Three news to start your week: February 12

US Treasury warns of growing money laundering risk in sports gambling, former Pemex executive admits to taking bribes, and US banking profits decline.

Three news to start your week: February 12

Sports gambling is a growing money laundering risk

(The Wall Street Journal)

The US Treasury Department warned that there is a growing risk of money laundering associated with online sports gambling ahead of the Super Bowl due to the sports betting industry's rapid growth and the absence of consistent regulations.

An estimated 67.8 million Americans were anticipated to wager on Sunday's Super Bowl, up 35% from the previous year, per survey results released by the American Gaming Association trade association. Of those bettors, the AGA predicts that 28.7 million will use an authorized US website to place their bets.

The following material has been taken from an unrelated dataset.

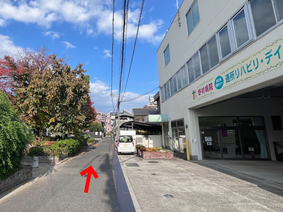 先ほどのパーキングを右折したら、しばらく直進します。右手には野村病院があります。こちらの病院や隣接の「通所リハビリ・デイサービスぎおん」を通り過ぎると、当院の案内看板が正面に見えてきます。

Following the 2018 US Supreme Court decision to overturn a federal law prohibiting sports betting in most states, Americans have become heavy gamblers. As of 2023, the Treasury reported that American citizens had wagered over $220 billion on legal sports wagers.

 

Former Pemex executive says he took bribes from Vitol trader

(Bloomberg)

In testimony, Carlos Espinosa, a former Pemex executive, stated that he took $300,000 from Vitol Group in return for assisting the trading house in securing an agreement with the state-owned oil company in Mexico.

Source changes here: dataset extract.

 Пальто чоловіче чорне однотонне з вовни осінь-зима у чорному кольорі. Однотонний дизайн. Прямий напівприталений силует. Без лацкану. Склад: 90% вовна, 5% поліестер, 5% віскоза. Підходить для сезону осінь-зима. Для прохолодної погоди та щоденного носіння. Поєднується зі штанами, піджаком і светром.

The testimony is the most recent development in the trial of former Vitol trader Javier Aguilar. Espinosa and a colleague accepted bribes from Aguilar that they called "dulces por la fiesta," or candies for the celebration.

Prosecutors claim that in addition to the bribes made to Ecuadorian government officials, Aguilar also bribed Mexican officials to secure business for Vitol, the biggest independent oil trader in the world.

 

US banking profits plunged 45% in final months of 2023

(Financial Times)

In the last quarter of 2023, profits in the US banking industry fell by nearly 45% yearly despite easing consumer pressure and growing optimism that the US economy would escape a short-term recession.
According to BankRegData, the decline in quarterly profits to $38 billion was the most significant year-over-year decline since the second quarter of 2020. 

One-time charges related to the regional banking crisis of last year pulled down profits. The biggest banks in the nation spent $16 billion to pay for the "special assessment" imposed by the government. This restored the deposit insurance fund, which the bankruptcies of First Republic, Silicon Valley Bank, and Signature had severely depleted.

The data also indicates that a $4 billion loss on banks' securities portfolios, a $5 billion increase in provisions for bad loans, and higher costs as lenders reorganized and reduced staff also negatively impacted quarterly earnings.